И я, слепо нащупывая трусливыми и смелыми пальцами давно забытые, жесткие кости клавиш, запел, как пел в церкви, басовито, густо, радостно:– Аллилуйя! Ал-ли-лу-у-уия, аллилу-и-и-ия, слава Тебе, Бо-о-о-оже…
Ребята, кто смеясь, кто подмигивая мне и друг другу, кто нежно, испуганно и серьезно, кто тонко, кто басочком, выводили за мной:– Слава Те-бе, Бо-о-о-о-оже-е-е-е…
Умильное, будто политое подсолнечным маслом лицо директрисы воссияло. Я видел: все было так, как мечтала она. Я играл и пел «Аллилуйю» из Всенощной Рахманинова, из-под клавиш тугих колоколами звенели, зверями стонали и вырывались птицами на волю то чистые, то фальшивые звуки, но я фальши не слышал, я пел хвалу Господу моему, я вел фальшь старого, рассохшегося инструмента, как собаку на поводке, за чистым Господним напевом, и меня внезапно обожгло: здесь, в лесах русских, дебрях марийских и чащах чувашских, на дне заброшенного колодца России, я, священник малый, самый малый из людей на земле, Аллилуия! – дрожа и радуясь, пою, слабой человечьей глоткой возглашаю, в детском доме сиром и тесном, маленьком, как деревянная лодочка рыбачья, и дети со мной поют – первый ведь, первый раз в жизни поют Аллилуйю… «И последний, быть может», – сказал ехидный, сухой голосок внутри. «Изыди, сатано», – сказал я сухому, жадному голосу. Допели мы Аллилуйю Господу нашему. Дети вокруг меня толпились все так же. Еще теснее. Кто-то уже руку протянул. Кто-то потрогал меня за бороду. Кто-то – за висящие по плечам концы отросших волос. Кто-то уже к рясе сунулся – и насмелился, крест на груди, на цепочке висящий пощупал.– Ух ты, тяжелый…
– А что значит крест?
– А Бог есть? Или все это… сказки?
– Тю, дурак, што ты… Какие сказки… Если церкви Ему посвящены… и, видишь, песни про Него поют…
– А скажите, пожалста, вы наш поп?
– Киселева! «Поп» – так не говорят! «Поп» – это оскорбительно! Отец Серафим, вы их простите, они…

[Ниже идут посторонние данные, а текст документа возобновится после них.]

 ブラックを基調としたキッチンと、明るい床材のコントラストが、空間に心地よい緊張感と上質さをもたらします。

– Дети они, и Господь сказал: если не будете как дети, не войдете в Царствие Небесное. – Я снял руки с клавиш. Лоб мой и брови от усилия играть и петь были залиты потом. Капля пота капнула мне на рясу, расплылось темное пятно. – Дети, вы пели очень хорошо! Хотите, я буду с вами разучивать такие святые напевы?

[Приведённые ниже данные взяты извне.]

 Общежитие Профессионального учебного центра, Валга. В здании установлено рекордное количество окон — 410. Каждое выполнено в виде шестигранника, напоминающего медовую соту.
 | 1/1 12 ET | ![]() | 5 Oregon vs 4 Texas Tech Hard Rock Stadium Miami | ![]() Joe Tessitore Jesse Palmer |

– Хотим!.. Хотим!.. Хотим!.. – посыпались, засверкали золотые зерна детских вскриков радостных.
Я шарил глазами по детским лицам. Внутри меня дрожала тонкая, невидимая золотая нить. Золотые невесомые нити летали и надо мной; летали в пыльном, солнечном воздухе казенного детдомовского зала, над казенными стульями, над крышкой пианино, над распахнутым в золотое лето широким окном. Эти глаза. Я наткнулся на них глазами. Напоролся. Глаза пошли навстречу мне. Побежали. И мои глаза тоже побежали навстречу. Глаза схлестнулись; столкнулись. Глаза обнялись. Мальчик, стриженный налысо, под бокс, как все мальчики здесь, и старшие и младшие, мальчик с бегущими впереди лица глазами, в серых мышиных штанишках, шагнул ко мне. Шаг. Другой. Третий. Я был совсем рядом. И он тоже был рядом совсем.